The home’s mountain modern style boasts contemporary shapes that suit its surroundings, rather than declare war on them. “The challenge is to create a structure that is of this time, with the materials available, but to do so in a sensitive way that doesn’t result in sterile white blocks,” says Burke. “You need an approach that allows you to push your experience from inside to outside, and yet still have it feel warm and inviting. So many contemporary buildings feel cold and look stark; they have no resonance, warmth, or scale.” Fortunately for the homeowners — East Coast dwellers whose getaways involve skiing, hiking, and climbing — Burke is a master of that architectural alchemy, translating the regional spirit of the Mountain West into material form.

The home’s overhang provides a protective layer while animating the indoor-outdoor spaces.

The wood, with the interior mostly hemlock and the exterior cedar siding, is a reminder of a living presence amid clean lines that include a polished concrete floor in the living area. The pairing is in contrast with the darker hued walnut which was applied in the kitchen. CLB project manager Paige Hobson says the use of walnut on the kitchen cabinets celebrates its distinction against the adjacent steel. “Both components are dark but varied in subtle tone and texture; the result is that you look and stay longer,” she says.

The primary suite’s bathroom is a composition of earth tones with visible subtle stone textures. The monolithic dark chocolate-hued stone tub was extracted from a quarry in Italy, the concrete floor has radiant heating — adding an element of coziness — and the white concrete vanity countertop features an integrated trough sink.

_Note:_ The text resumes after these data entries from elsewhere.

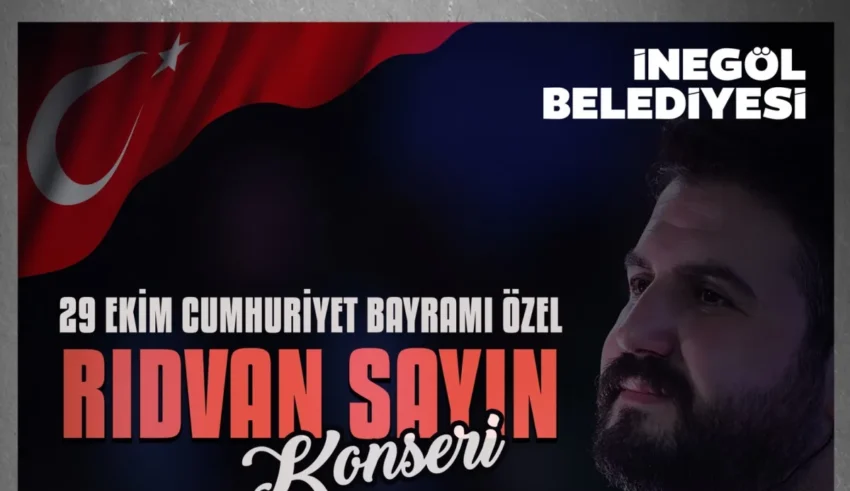 İnegöl Belediyesi, 29 Ekim Cumhuriyet Bayramı kutlamaları kapsamında Rıdvan Sayın’ın sahne alacağı Cumhuriyet Bayramı Özel Konseri düzenliyor.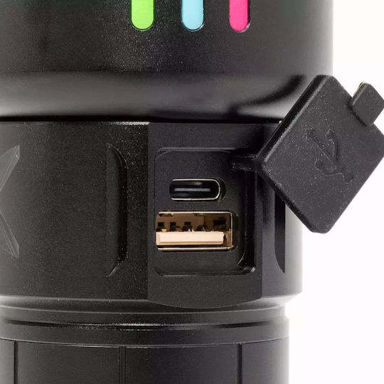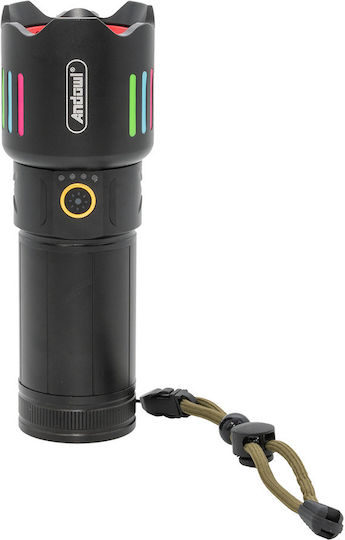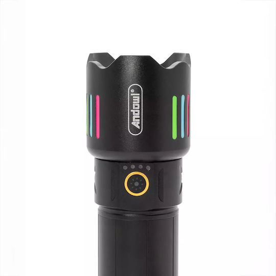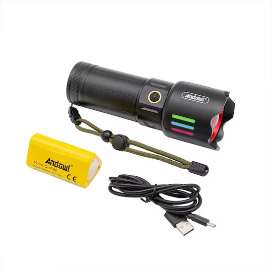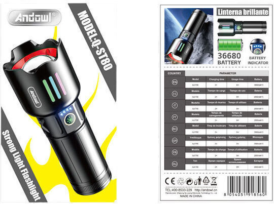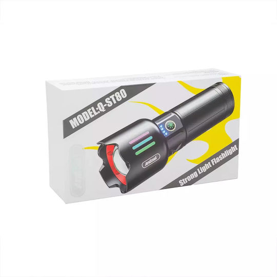 Ισχυρός Φακός Χειρός Επαναφορτιζόμενος LED Laser Andowl Q-ST80 με κράμα αλουμινίου και LED laser. Έχει ένδειξη με φωτεινά λαμπάκια για την κατάσταση της μπαταρίας.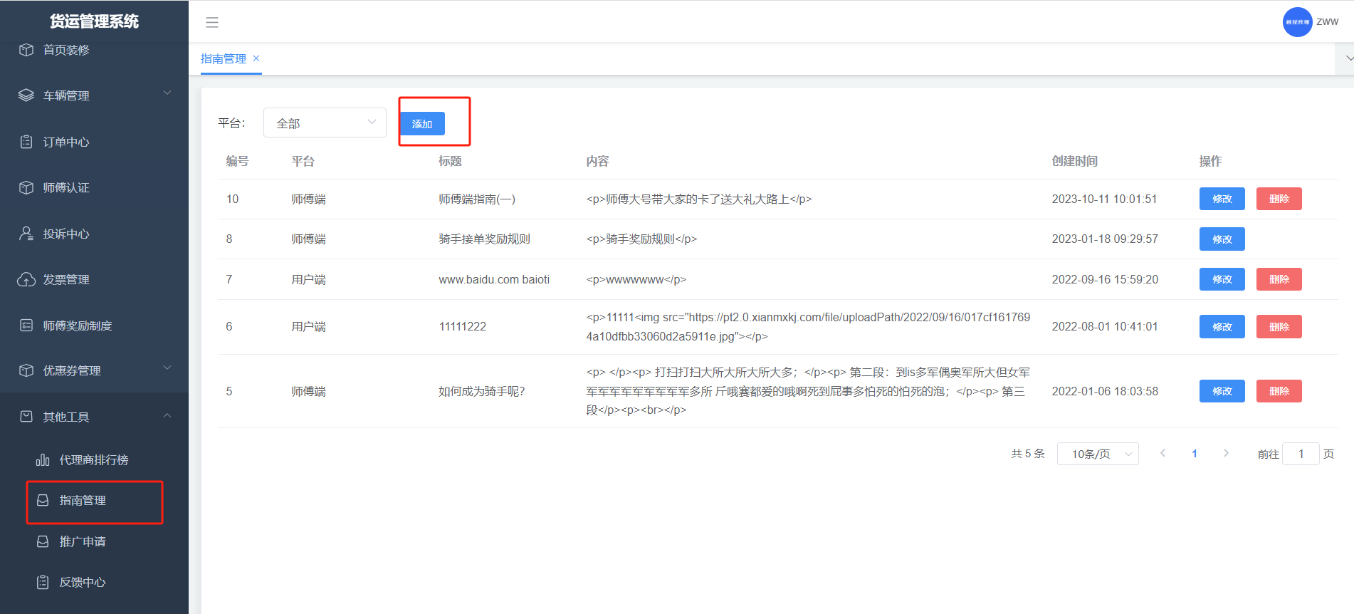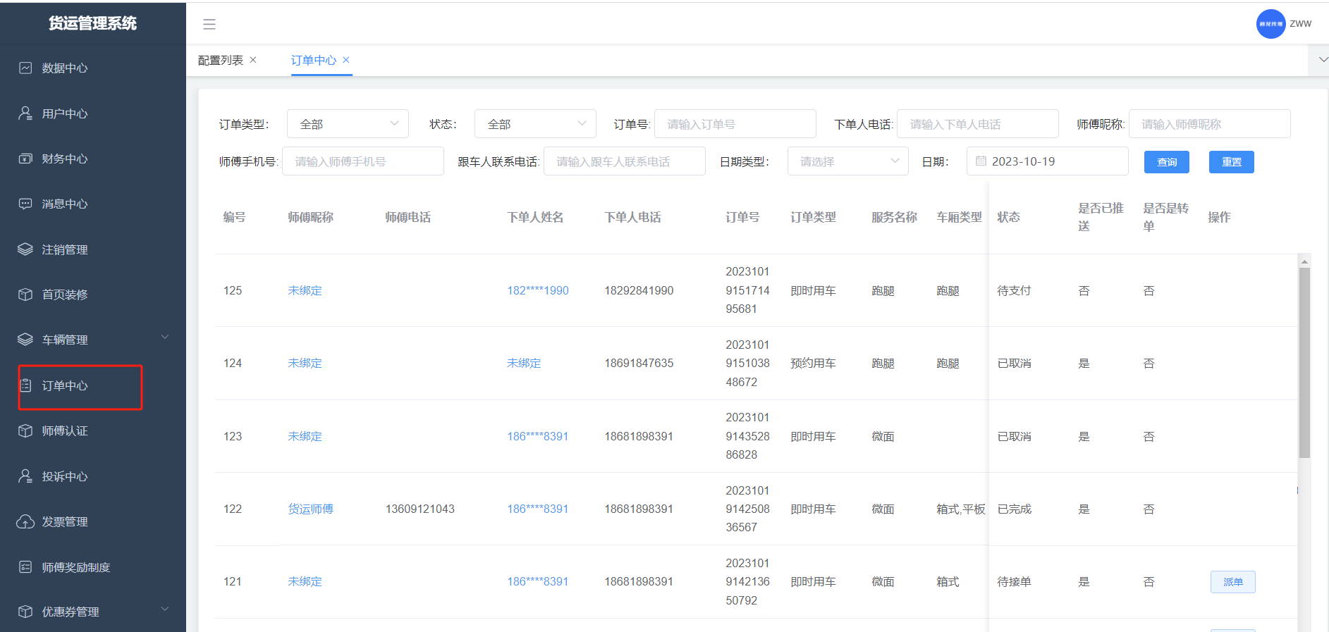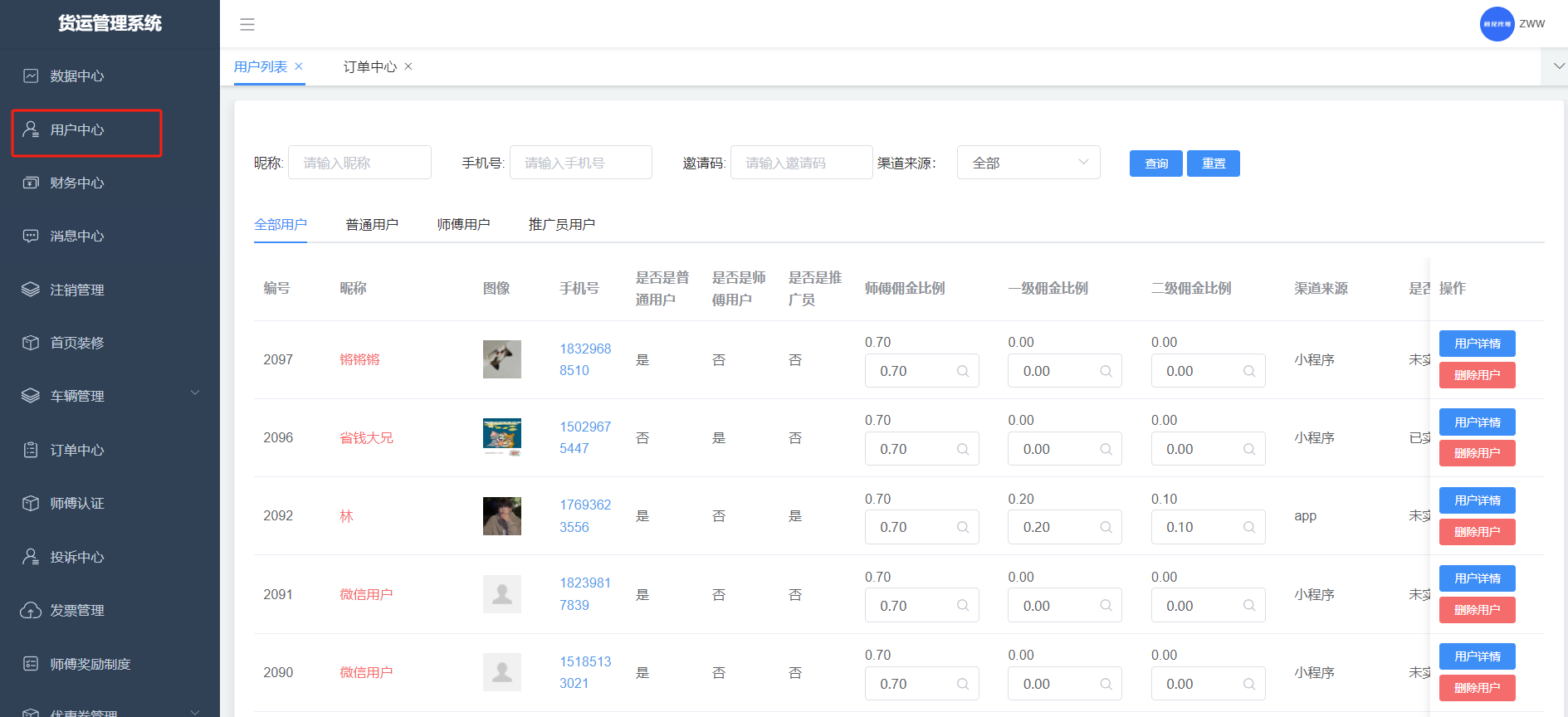 用户发起的所有订单都在该列表,也可对订单进行操作:指派等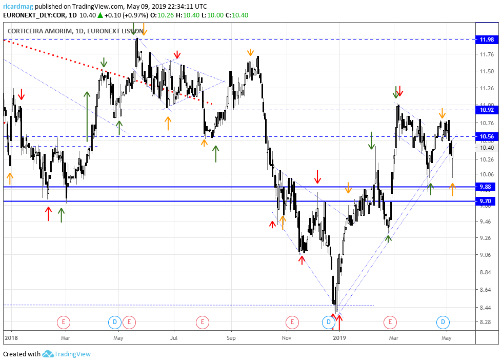 Não sabemos se está em formatação um topo, mas se for, poderemos traçar uma Ltd no médio/longo prazo. O cenário ideal seria retrair ou consolidar e quebrar em alta a zona dos 11€.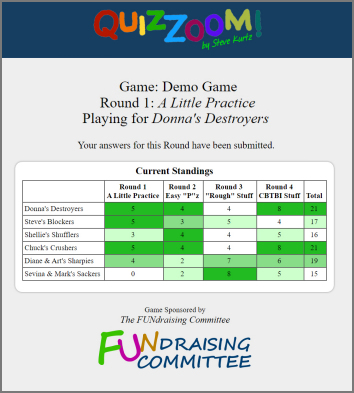 QuizZoom! can be used for Fundraisers, and provides the opportunity for $ponsorships. A person/organization may Sponsor the entire Game or just one Round.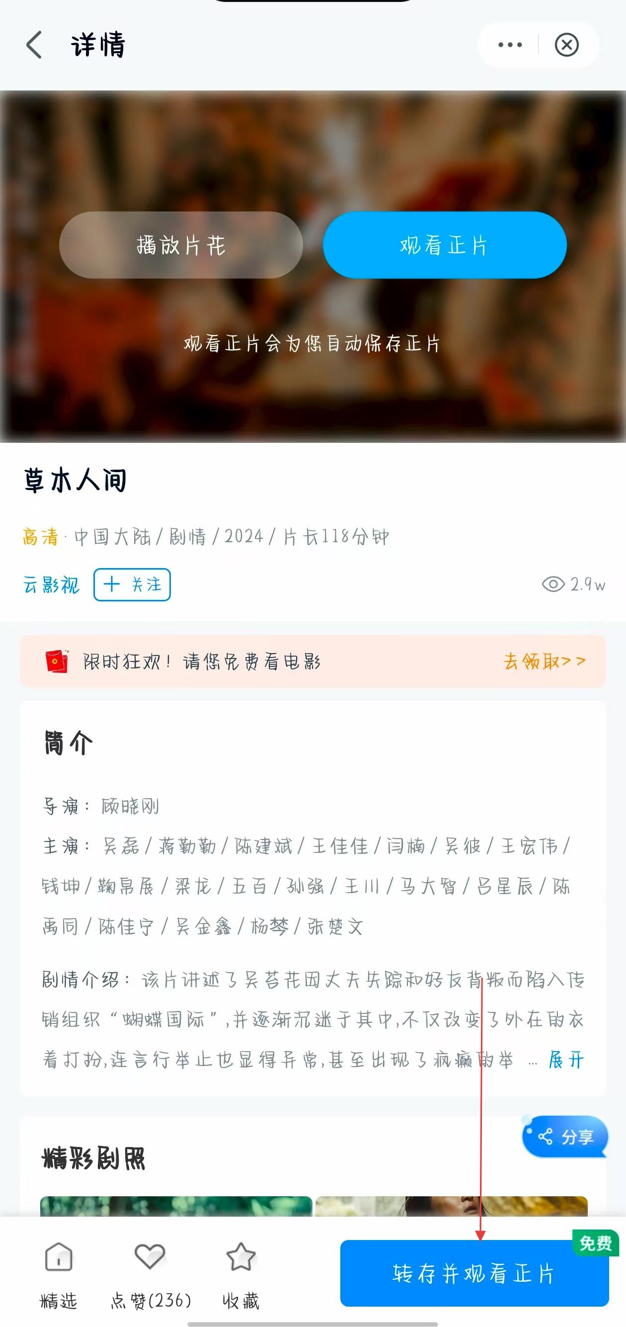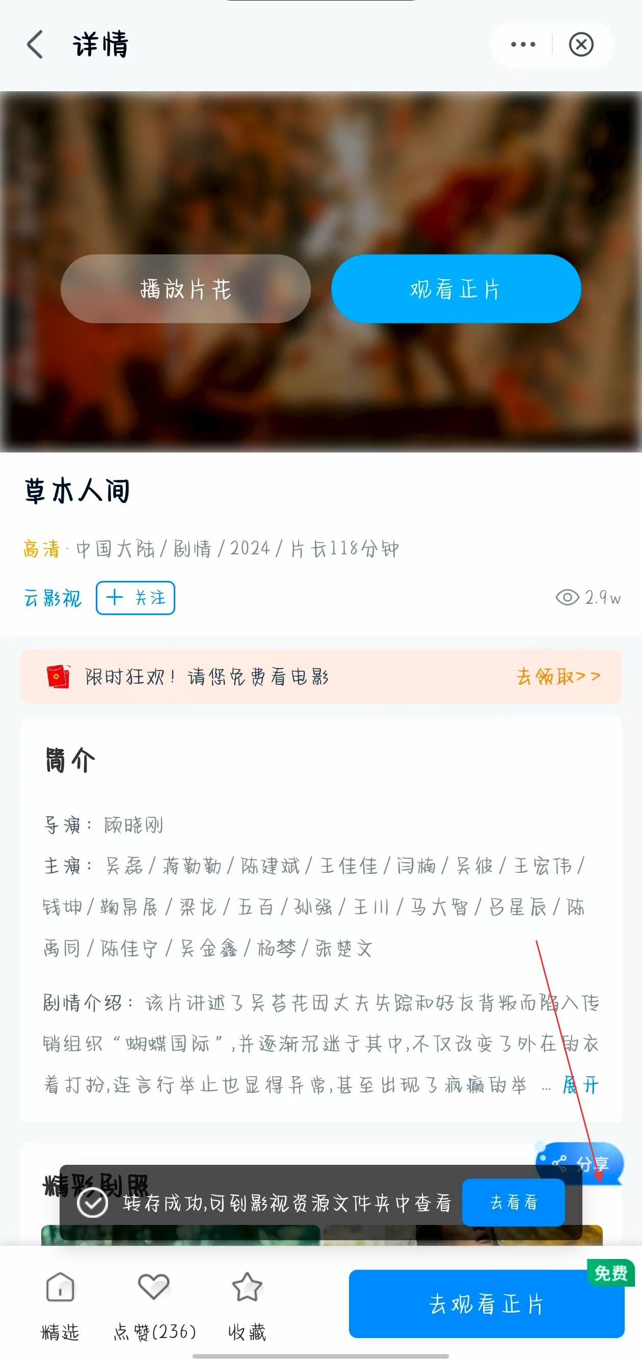 2、在詳情頁面,點(diǎn)擊轉(zhuǎn)存并觀看正片按鈕,部分資源會顯示相似字樣,點(diǎn)擊后等待系統(tǒng)提示轉(zhuǎn)存成功。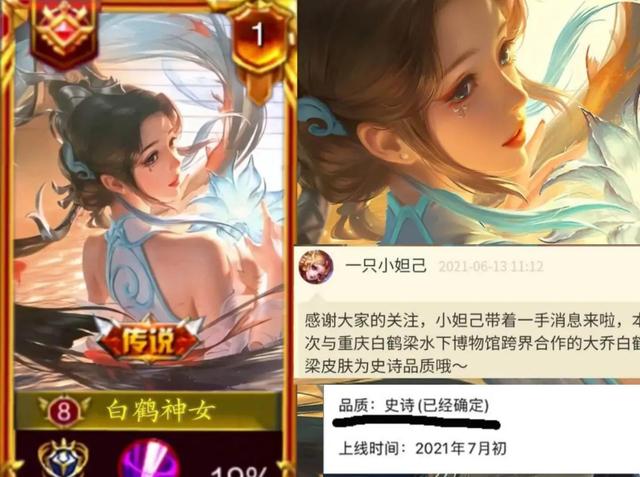 上面说到了传说级皮肤,引起了玩家们的反感,就是在如此大的反感之下,玩家们也希望这款皮肤再次吃传说,主要还是因为它的颜值比较高,那么这款皮肤是史诗皮肤,目前官方已经官宣。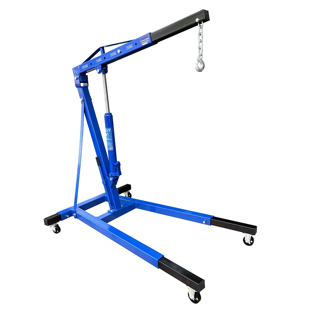 Кран гаражный гидравлический, складной.  Грузоподъемность 2,0 т. Высота подъема 2380мм. Длина стрелы 1500мм. Высота крана 1400мм.
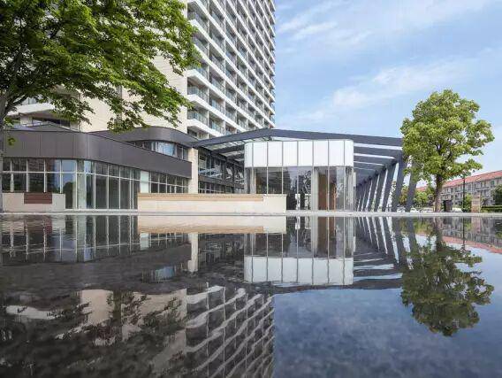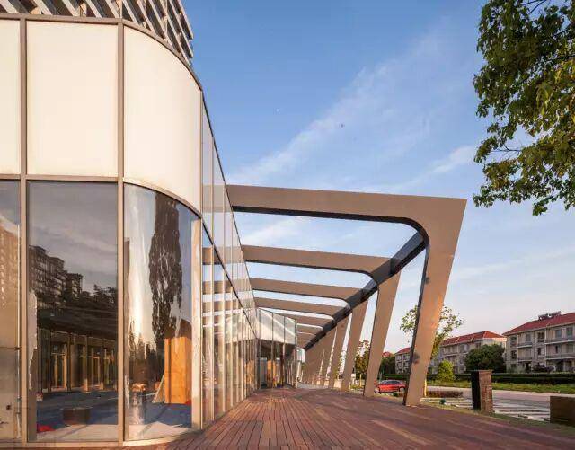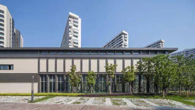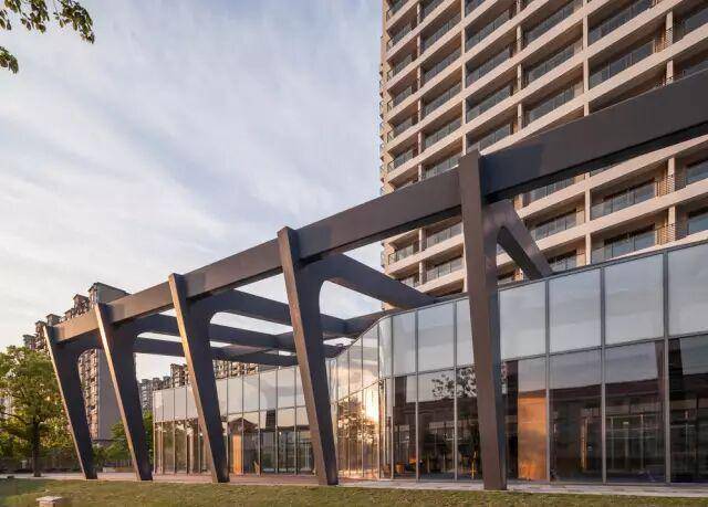 物管中心通过混凝土板展现着建筑的体量和敦实,并透过大面积的玻璃实现室内外空间的交流与对话。它与公寓大厦都运用着类似的建筑语言、材料、色彩和光影效果。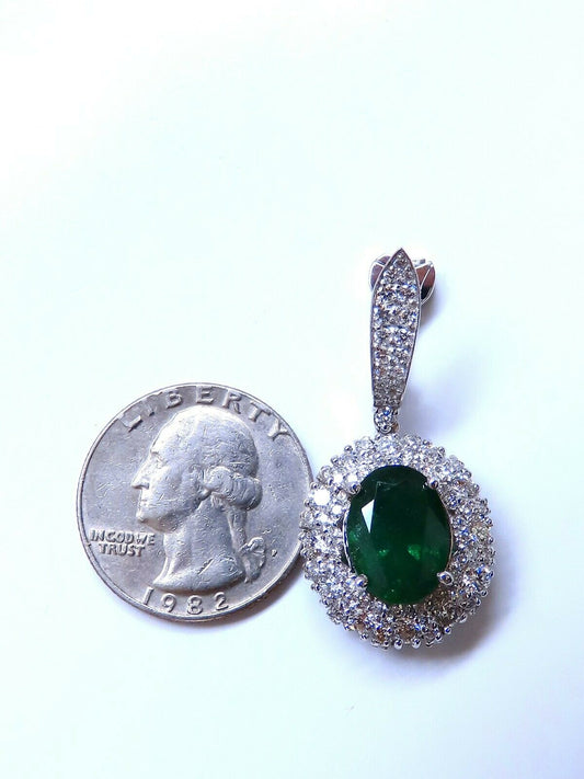 8.35ct Natural Oval Emeralds Diamond Dangle Earrings 18kt Halo Cluster

The building’s strong horizontal lines act as an anchor, even as the 12-foot-deep overhang off the roof of the living and dining areas leads the indoor space into the great outdoors. The split-level house is sculptural in form, yet made friendly by intention. The bathroom tied to the primary bedroom suite contains clerestory windows that illuminate the space with natural light, even as austerity gives way to coziness in the shape of cabinets crafted with artisan detail. And, in an environment where winter is a defining factor, the fireplace plays a recurring and pivotal role, adding to the home’s airiness. The blackened steel element soars to the ceiling, while flames appear suspended behind glass in an ode to what can only be described as good taste.

In this bathroom, the sleek vanity countertop, circular mirror, and modern decorative touches triumph in the clean simplicity of shape and structure.

That was the operative lens through which Shazalynn Cavin-Winfrey, head of SCW Interiors in Alexandria, Virginia, eyed the Overlook Residence. The designer drew inspiration from the surrounding mountains, yet maintained notes of individuality from the homeowners’ aesthetic, uniting beauty and function. In the living area, a couch cloaked in blue and made from mohair is matched with an antique Persian rug, and two mid-century modern chairs were re-upholstered in cowhide for an understated nod to the West. “The owners wanted their sense of identity to be infused in the house,” says Cavin-Winfrey.

The northeastern corner of the main living room space provides sweeping eastern mountain views in a poetic gesture that celebrates the designs of nature.

Overlook triumphs in its aim, integrating with, rather than interrupting, the surrounding environs. Serene in aspect and subtle in approach, the house carries the appeal of confidence; it is a building that need not attract attention. And, for that very reason, it does.

In a guest bathroom, a suspended mirror floats in front of the window to provide privacy even as it opens up the space.